Toronto

Renée Van Halm

S. L. Simpson Gallery

Renée Van Halm’s large-scale sculptural works challenge Modernist conventions by incorporating marginalized artistic practices that have fallen outside the high-art canon into an ostensibly Modernist framework. For Van Halm, the marginalized consists of decorative flourishes, conventions that acknowledge the presence of the individual, and genres overlooked by the Modernist machine. Slowly moving away from her large-scale outdoor, architectural sculptures of the ’80s, Van Halm has fabricated measured and distilled works that comment on their own status as art objects, subtly challenging Modernist esthetic protocols.

Using fine wood veneers that relate to furnishings and interior decor, each of the four structures exhibited serve as imposing frames for smaller paintings displayed on the sculptural support.
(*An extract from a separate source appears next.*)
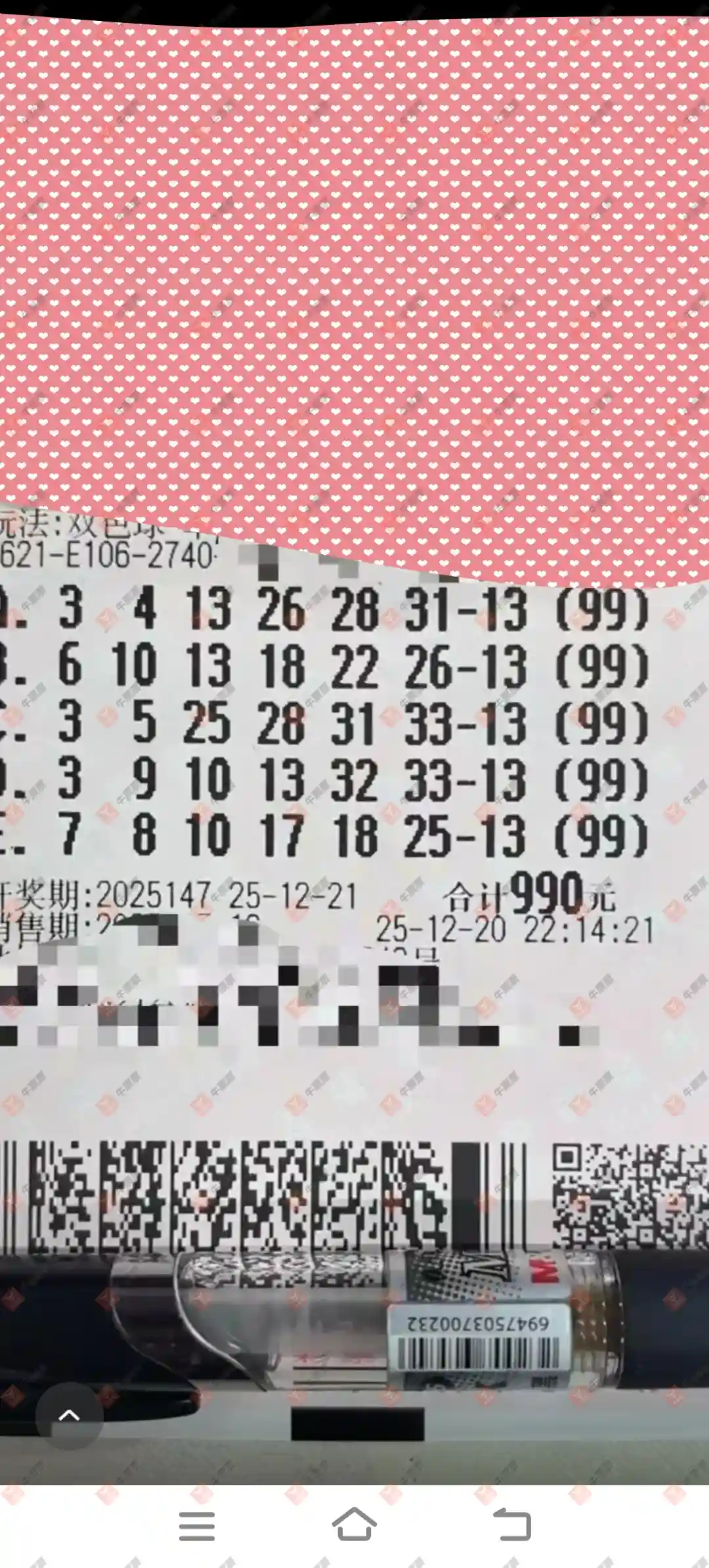 双色球 2025147期 晒中
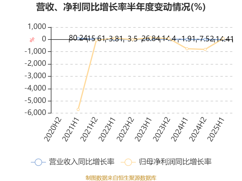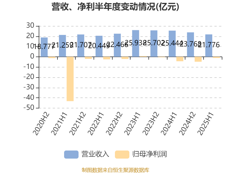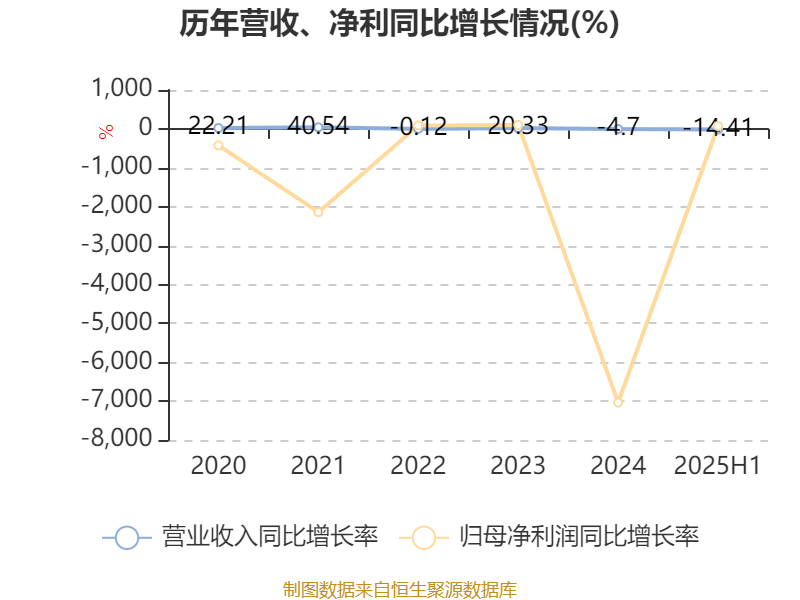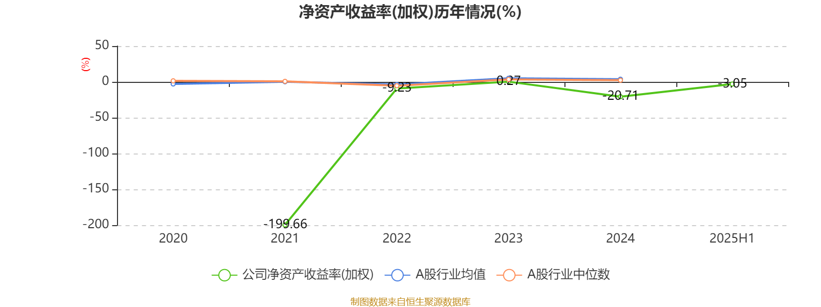 2025年上半年,公司平均净资产收益率为-3.05%,较上年同期上升6.36个百分点。

The form of Translation, 1992, is based on an S curve, split into a pair of vertical walls onto which are hung two small canvases hand-lettered with the words “NATURE MORTE”. Encased in box frames, these canvases suggest specimens illustrating the secondary status that genre styles, such as still life, have been given in art history.
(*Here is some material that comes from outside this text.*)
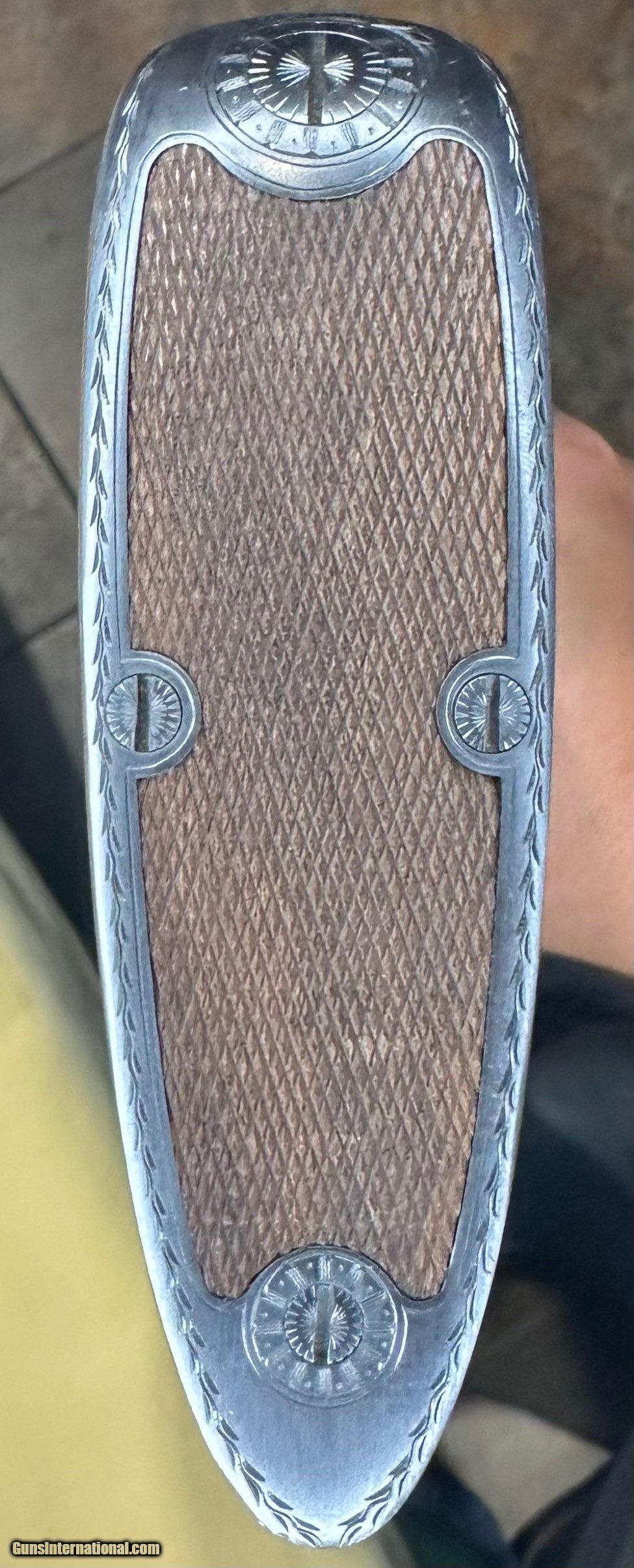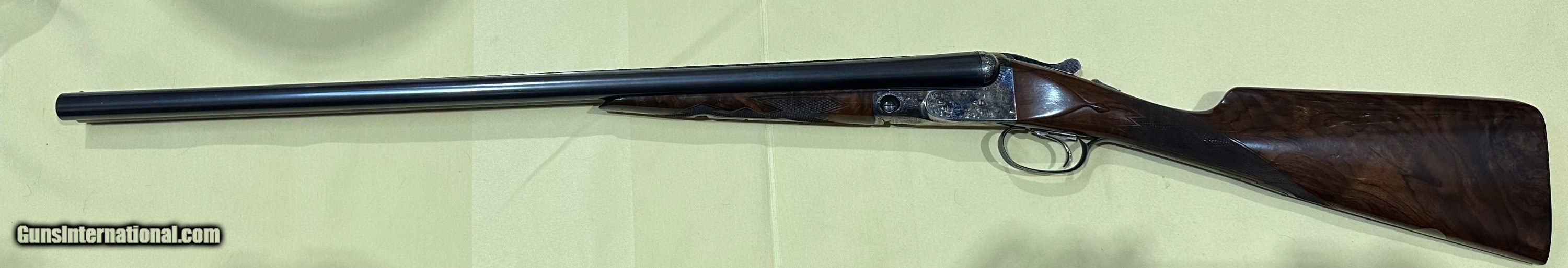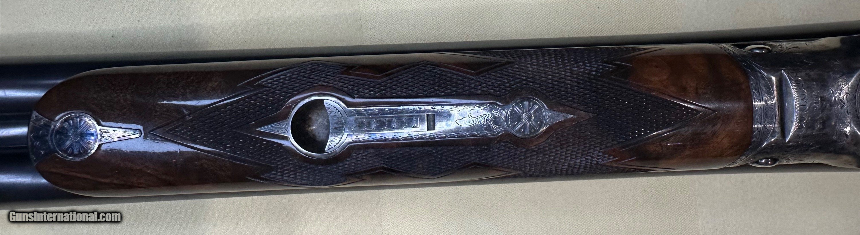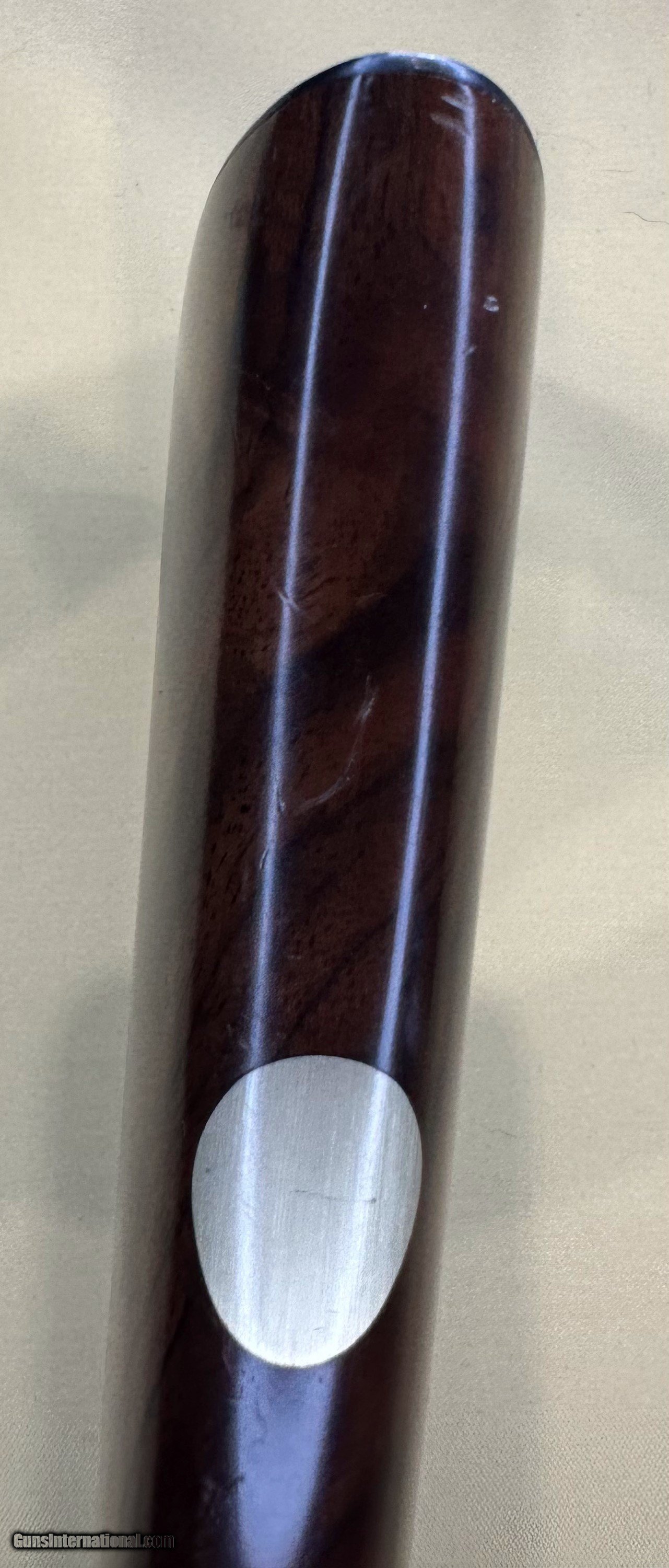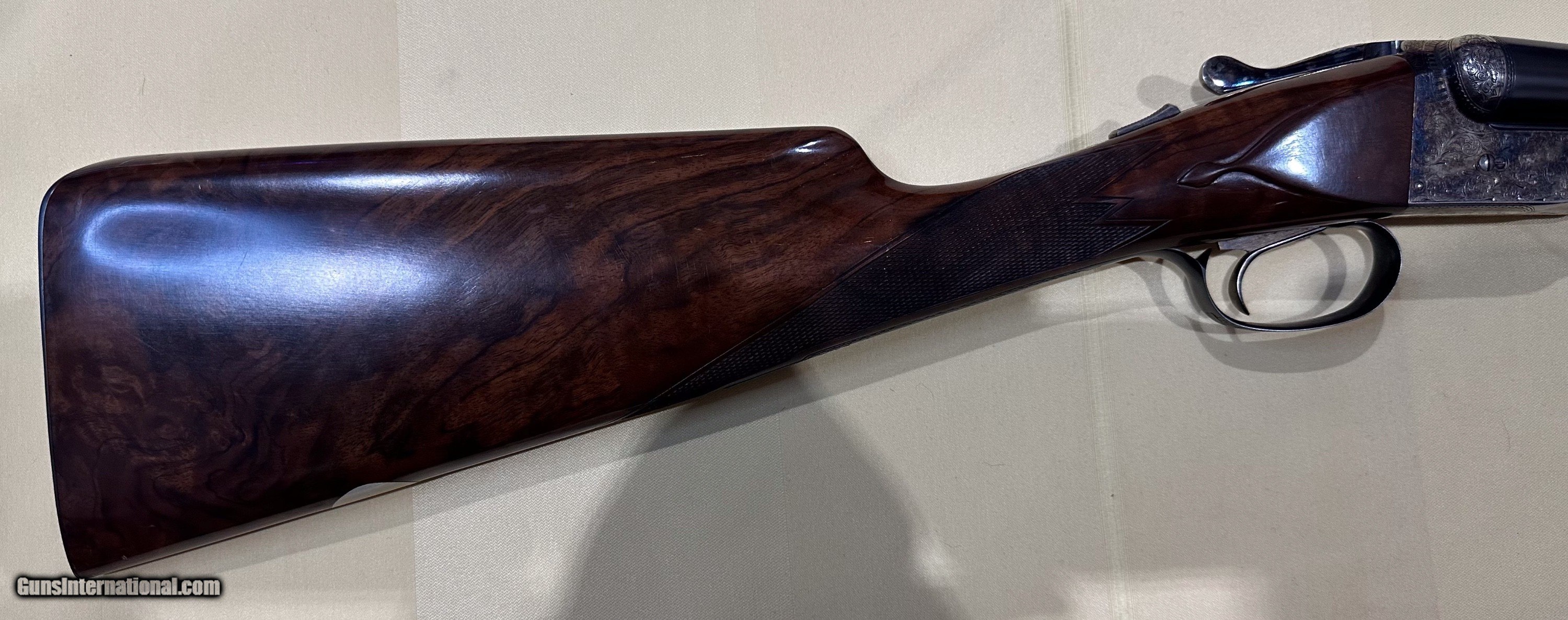 Description: Good condition Parker repoduction. Imported by Winchester in the less-produced 12 Gauge. 26" barrels, MOD/IMP chokes, 2 3/4" chambers. The gun features beautifully figured wood. Though there are some handling marks in the stock and forearm, with the worst being some scratches on the top and bottom of the stock near the base (pictured). The checkering remains crisp on the straight-gripped stock and splinter forend. The metal is in very good condition with both the bluing and case coloring remaining bright. Typical intricate engravings are present on the barrels, receiver, screws, and skeletonized butt plate. I estimate the gun to be in 95% or better condition overall. The original italian-made leather luggage case and keys are included. It too is in overall good condition, though there is some staining/discoloration at one end (pictured). The original "Parker" branded snap caps and canvas cover for the case are abesnt. Condition evaluation has been made to the best of my abilities in consultation with the 44th edition of the "Bluebook of Gun Values". It is my intention to provide an accurate description, documented with attached photographs. Should you have any specific questions, please do not hesitate to contact me to request additional information or photographs. Shipping w/ Insurance: $75 SOLD Shotgun Gauge: 12 Gauge Serial Number: 12-312 Barrel Length: 26 Choke Left: MOD Choke Right: IMP |

Similarly, in a work entitled Verification, 1992, the signature of the American Impressionist Mary Cassatt is transcribed in three different forms onto framed roundels, each colored in muted tones suggesting Cassatt’s palette. Focusing on an artist who has been marginalized in late-l9th-century art history, Van Halm is once again using the strategy of framing—isolating the artist’s signature—as a method of validating obscured claims to authorship.
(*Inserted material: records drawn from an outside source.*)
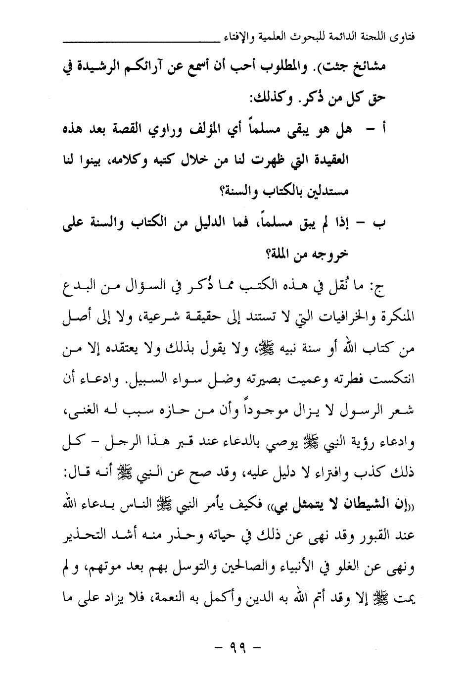 ج: ما نقل في هذه الكتب مما ذكر في السؤال من البدع المنكرة والخرافيات التي لا تستند إلى حقيقة شرعية، ولا إلى أصل من كتاب الله أو سنة نبيه صلى الله عليه وسلم، ولا يقول بذلك ولا يعتقده إلا من انتكست فطرته وعميت بصيرته وضل سواء السبيل. وادعاء أن شعر الرسول لا يزال موجودا وأن من حازه سبب له الغنى، وادعاء رؤية النبي صلى الله عليه وسلم يوصي بالدعاء عند قبر هذا الرجل - كل ذلك كذب وافتراء لا دليل عليه، وقد صح عن النبي صلى الله عليه وسلم أنه قال: «إن الشيطان لا يتمثل بي (¬1) » فكيف يأمر النبي صلى الله عليه وسلم الناس بدعاء الله عند القبور وقد نهى عن ذلك في حياته وحذر منه أشد التحذير ونهى عن الغلو في الأنبياء والصالحين والتوسل بهم بعد موتهم، ولم يمت صلى الله عليه وسلم إلا وقد أتم الله به الدين وأكمل به النعمة، فلا يزاد على ما
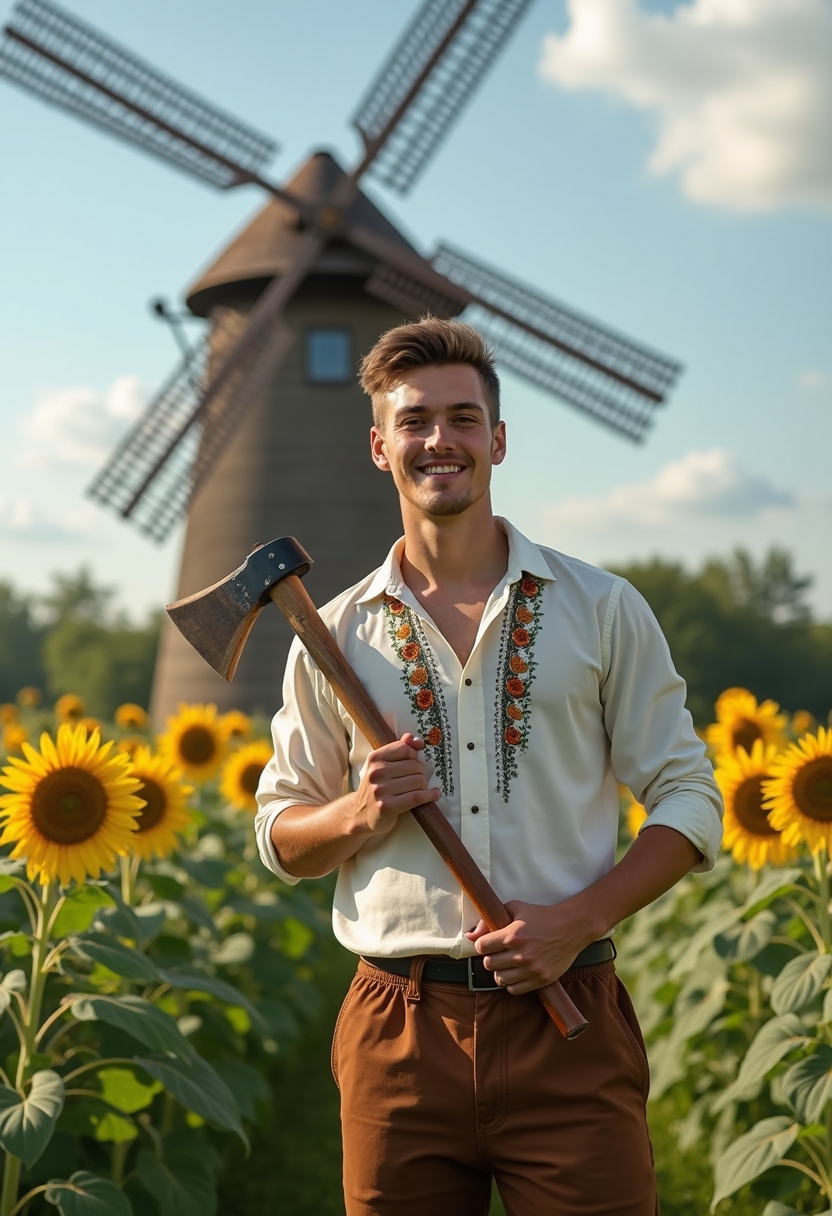 Мужчина в рубашке с вышивкой и широких штанах позирует на фоне старой деревянной мельницы, окружённой зелеными полями и высокими солнцецветами. В руках он держит топор и с радостью смотрит в камеру. На заднем плане видны цветущие растения и небо с легкими облаками. Освещение ясное, акцент на его лице и культуре.
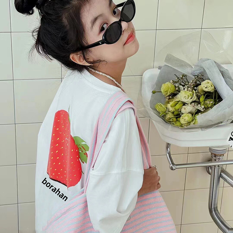 女童短袖T恤夏装2023新款中大童纯棉宽松圆领儿童夏季中长款T裙潮
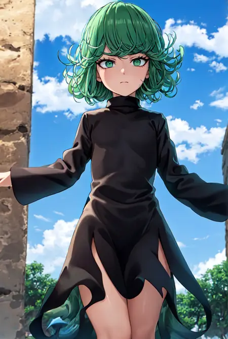 ✦ 주요 키워드는 tatsumaki, black dress, long sleeve, green hair, green eyes,입니다.

Van Halm’s strategy is clear. She questions accepted meanings, repeatedly underscoring the need to move beyond static readings of objects and structures. Selecting a specific set of parameters, she focuses in on the cultural construct of the artist and the art object. Yet she remains in the protected domain of art history, relying on generic symbols such as the illustration of branches chosen to represent nature in a wall piece entitled Origin, 1992. Rather than tackle the slippery terrain inhabited by the contemporary artist in her attempts to challenge the legitimacy of Modernism, she brings forward illustrations of discarded forms that remain in the rarefied precinct of history, and are ultimately overpowered by the expansive Modernist frames. Unfortunately, the result is work the meaning of which is in danger of being overwhelmed by the legacy of Modernism, unable to cut free of its still-reigning authority. While Van Halm’s frames serve to critique, they also align her with the tenets of pure form, buying into the version of formalist Modernism that is legitimated both by scale and high production values.